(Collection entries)
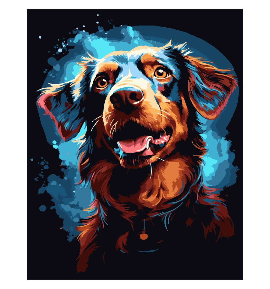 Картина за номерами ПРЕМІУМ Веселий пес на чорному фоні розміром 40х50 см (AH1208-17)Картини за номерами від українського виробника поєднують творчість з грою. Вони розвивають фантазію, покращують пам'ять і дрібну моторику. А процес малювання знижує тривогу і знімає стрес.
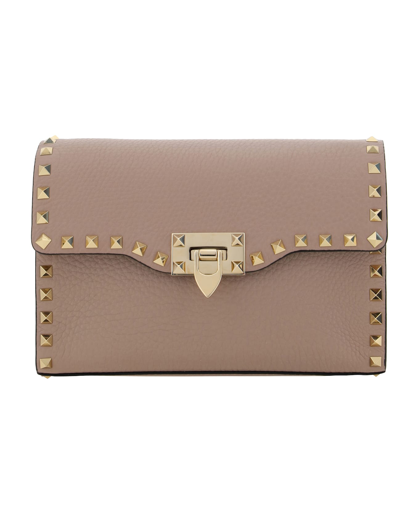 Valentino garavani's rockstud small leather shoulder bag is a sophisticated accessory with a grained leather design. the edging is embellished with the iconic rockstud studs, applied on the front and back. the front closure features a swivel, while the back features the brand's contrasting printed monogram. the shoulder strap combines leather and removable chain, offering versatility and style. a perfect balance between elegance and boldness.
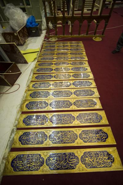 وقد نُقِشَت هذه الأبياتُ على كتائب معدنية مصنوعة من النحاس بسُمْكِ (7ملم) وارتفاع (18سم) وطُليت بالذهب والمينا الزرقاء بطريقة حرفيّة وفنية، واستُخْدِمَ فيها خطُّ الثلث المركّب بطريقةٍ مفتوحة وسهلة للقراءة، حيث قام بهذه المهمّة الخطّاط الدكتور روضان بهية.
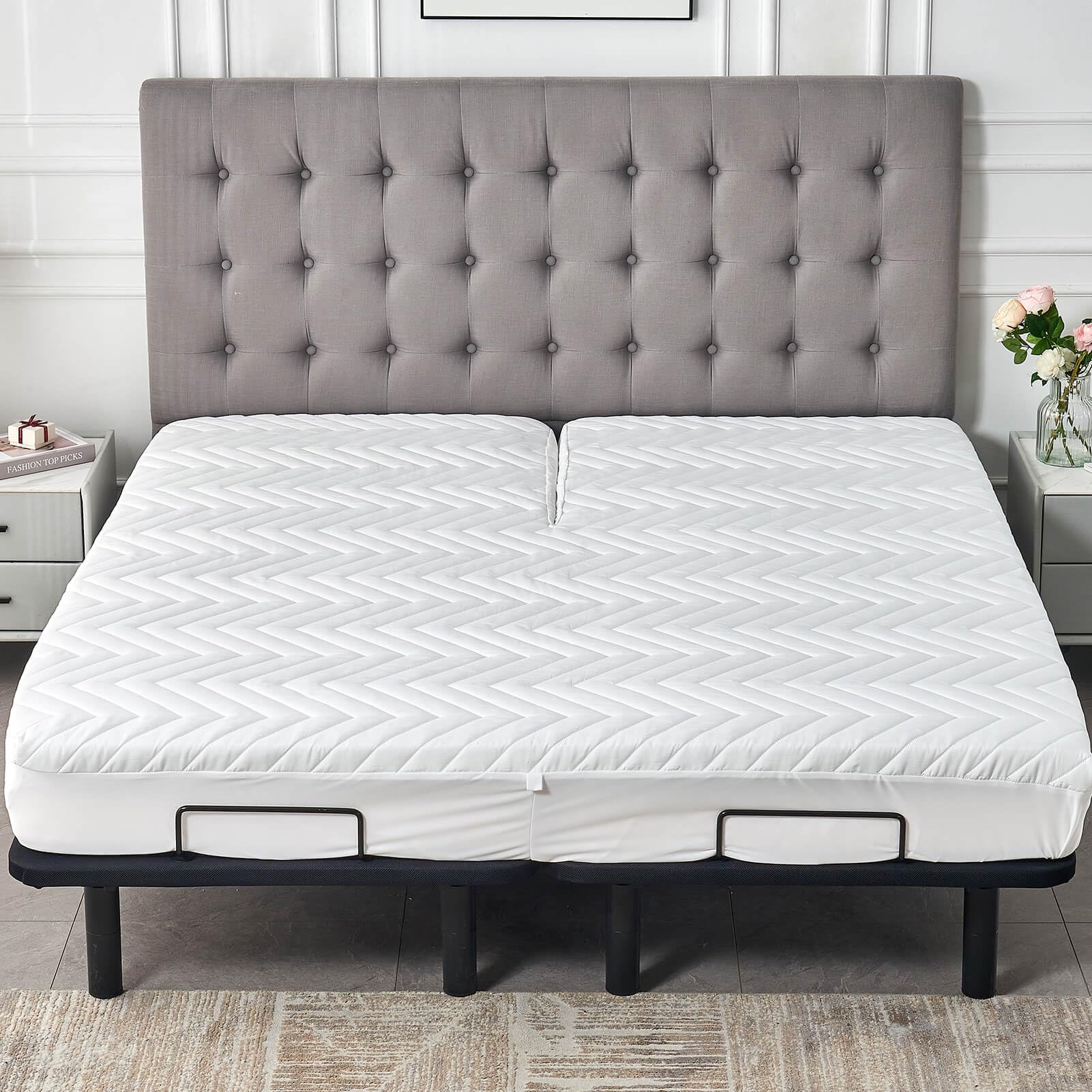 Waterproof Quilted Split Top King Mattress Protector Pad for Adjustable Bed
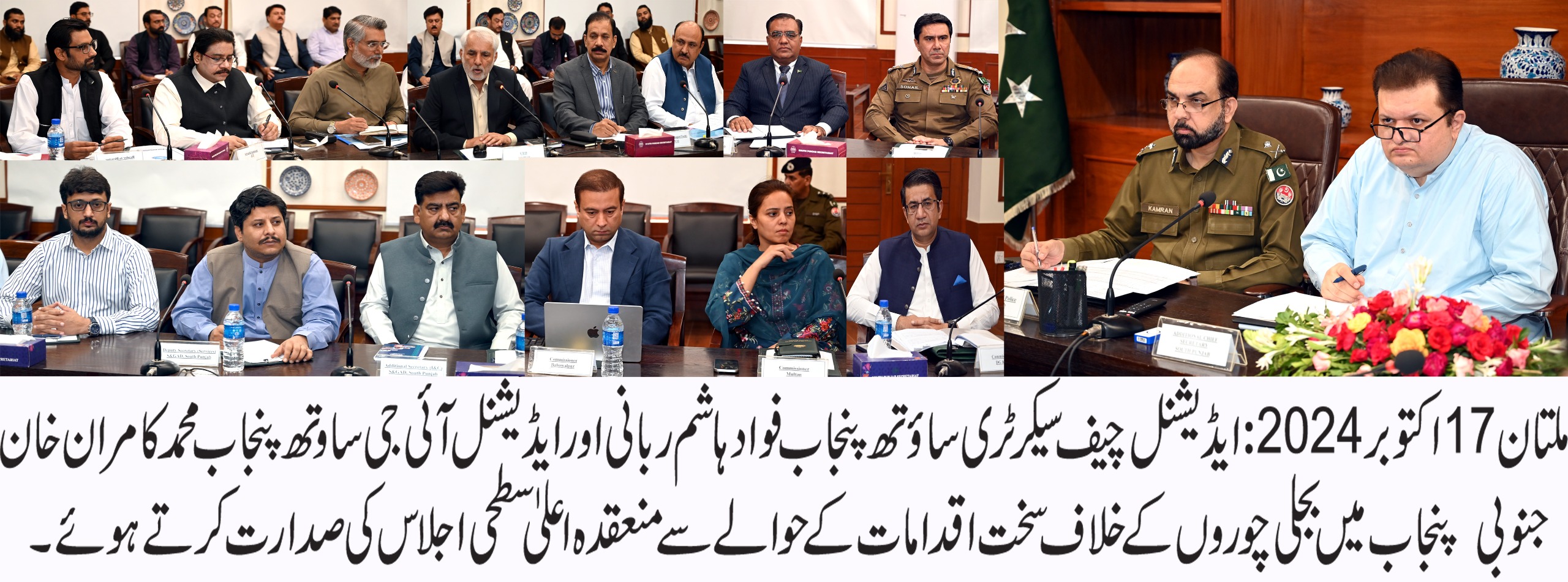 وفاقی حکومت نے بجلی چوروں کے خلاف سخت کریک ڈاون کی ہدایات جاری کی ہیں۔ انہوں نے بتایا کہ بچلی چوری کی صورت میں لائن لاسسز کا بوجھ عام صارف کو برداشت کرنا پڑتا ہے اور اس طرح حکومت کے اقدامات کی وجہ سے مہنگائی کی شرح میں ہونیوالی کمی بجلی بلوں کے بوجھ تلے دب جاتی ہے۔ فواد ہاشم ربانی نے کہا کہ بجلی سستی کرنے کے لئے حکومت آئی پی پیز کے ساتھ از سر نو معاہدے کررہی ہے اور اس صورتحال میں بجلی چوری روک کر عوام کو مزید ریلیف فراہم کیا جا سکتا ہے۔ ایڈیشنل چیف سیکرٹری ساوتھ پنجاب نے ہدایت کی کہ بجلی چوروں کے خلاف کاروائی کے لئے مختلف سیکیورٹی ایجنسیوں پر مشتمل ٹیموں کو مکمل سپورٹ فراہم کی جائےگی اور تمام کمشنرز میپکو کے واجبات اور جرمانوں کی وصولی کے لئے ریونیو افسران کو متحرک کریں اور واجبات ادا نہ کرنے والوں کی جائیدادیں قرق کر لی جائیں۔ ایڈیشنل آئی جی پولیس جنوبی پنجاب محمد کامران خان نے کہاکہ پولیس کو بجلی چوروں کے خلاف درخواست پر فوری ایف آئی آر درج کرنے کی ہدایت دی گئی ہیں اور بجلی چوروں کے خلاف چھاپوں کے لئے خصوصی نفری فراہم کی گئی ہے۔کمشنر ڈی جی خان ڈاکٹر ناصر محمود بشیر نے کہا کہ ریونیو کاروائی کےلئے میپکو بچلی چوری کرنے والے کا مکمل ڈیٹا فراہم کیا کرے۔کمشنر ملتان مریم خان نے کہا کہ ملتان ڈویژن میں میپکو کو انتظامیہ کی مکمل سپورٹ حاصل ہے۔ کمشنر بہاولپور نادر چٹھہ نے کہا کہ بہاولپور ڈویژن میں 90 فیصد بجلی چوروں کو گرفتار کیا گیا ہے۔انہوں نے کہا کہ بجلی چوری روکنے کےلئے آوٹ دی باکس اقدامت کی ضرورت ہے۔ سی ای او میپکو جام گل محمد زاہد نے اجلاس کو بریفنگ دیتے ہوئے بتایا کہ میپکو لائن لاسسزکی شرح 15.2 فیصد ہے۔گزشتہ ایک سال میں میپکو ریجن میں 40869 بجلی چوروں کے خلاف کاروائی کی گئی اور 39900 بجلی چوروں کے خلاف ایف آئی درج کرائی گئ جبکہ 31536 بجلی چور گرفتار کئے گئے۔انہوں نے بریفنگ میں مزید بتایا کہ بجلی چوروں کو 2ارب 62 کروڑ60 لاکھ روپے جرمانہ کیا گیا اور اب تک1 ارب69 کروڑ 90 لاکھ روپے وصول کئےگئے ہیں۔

What you have to do: The answer must be an exact copy of the records, with no pictures in it.

Answer area:
 Картина за номерами ПРЕМІУМ Веселий пес на чорному фоні розміром 40х50 см (AH1208-17)Картини за номерами від українського виробника поєднують творчість з грою. Вони розвивають фантазію, покращують пам'ять і дрібну моторику. А процес малювання знижує тривогу і знімає стрес.
 Valentino garavani's rockstud small leather shoulder bag is a sophisticated accessory with a grained leather design. the edging is embellished with the iconic rockstud studs, applied on the front and back. the front closure features a swivel, while the back features the brand's contrasting printed monogram. the shoulder strap combines leather and removable chain, offering versatility and style. a perfect balance between elegance and boldness.
 وقد نُقِشَت هذه الأبياتُ على كتائب معدنية مصنوعة من النحاس بسُمْكِ (7ملم) وارتفاع (18سم) وطُليت بالذهب والمينا الزرقاء بطريقة حرفيّة وفنية، واستُخْدِمَ فيها خطُّ الثلث المركّب بطريقةٍ مفتوحة وسهلة للقراءة، حيث قام بهذه المهمّة الخطّاط الدكتور روضان بهية.
 Waterproof Quilted Split Top King Mattress Protector Pad for Adjustable Bed
 وفاقی حکومت نے بجلی چوروں کے خلاف سخت کریک ڈاون کی ہدایات جاری کی ہیں۔ انہوں نے بتایا کہ بچلی چوری کی صورت میں لائن لاسسز کا بوجھ عام صارف کو برداشت کرنا پڑتا ہے اور اس طرح حکومت کے اقدامات کی وجہ سے مہنگائی کی شرح میں ہونیوالی کمی بجلی بلوں کے بوجھ تلے دب جاتی ہے۔ فواد ہاشم ربانی نے کہا کہ بجلی سستی کرنے کے لئے حکومت آئی پی پیز کے ساتھ از سر نو معاہدے کررہی ہے اور اس صورتحال میں بجلی چوری روک کر عوام کو مزید ریلیف فراہم کیا جا سکتا ہے۔ ایڈیشنل چیف سیکرٹری ساوتھ پنجاب نے ہدایت کی کہ بجلی چوروں کے خلاف کاروائی کے لئے مختلف سیکیورٹی ایجنسیوں پر مشتمل ٹیموں کو مکمل سپورٹ فراہم کی جائےگی اور تمام کمشنرز میپکو کے واجبات اور جرمانوں کی وصولی کے لئے ریونیو افسران کو متحرک کریں اور واجبات ادا نہ کرنے والوں کی جائیدادیں قرق کر لی جائیں۔ ایڈیشنل آئی جی پولیس جنوبی پنجاب محمد کامران خان نے کہاکہ پولیس کو بجلی چوروں کے خلاف درخواست پر فوری ایف آئی آر درج کرنے کی ہدایت دی گئی ہیں اور بجلی چوروں کے خلاف چھاپوں کے لئے خصوصی نفری فراہم کی گئی ہے۔کمشنر ڈی جی خان ڈاکٹر ناصر محمود بشیر نے کہا کہ ریونیو کاروائی کےلئے میپکو بچلی چوری کرنے والے کا مکمل ڈیٹا فراہم کیا کرے۔کمشنر ملتان مریم خان نے کہا کہ ملتان ڈویژن میں میپکو کو انتظامیہ کی مکمل سپورٹ حاصل ہے۔ کمشنر بہاولپور نادر چٹھہ نے کہا کہ بہاولپور ڈویژن میں 90 فیصد بجلی چوروں کو گرفتار کیا گیا ہے۔انہوں نے کہا کہ بجلی چوری روکنے کےلئے آوٹ دی باکس اقدامت کی ضرورت ہے۔ سی ای او میپکو جام گل محمد زاہد نے اجلاس کو بریفنگ دیتے ہوئے بتایا کہ میپکو لائن لاسسزکی شرح 15.2 فیصد ہے۔گزشتہ ایک سال میں میپکو ریجن میں 40869 بجلی چوروں کے خلاف کاروائی کی گئی اور 39900 بجلی چوروں کے خلاف ایف آئی درج کرائی گئ جبکہ 31536 بجلی چور گرفتار کئے گئے۔انہوں نے بریفنگ میں مزید بتایا کہ بجلی چوروں کو 2ارب 62 کروڑ60 لاکھ روپے جرمانہ کیا گیا اور اب تک1 ارب69 کروڑ 90 لاکھ روپے وصول کئےگئے ہیں۔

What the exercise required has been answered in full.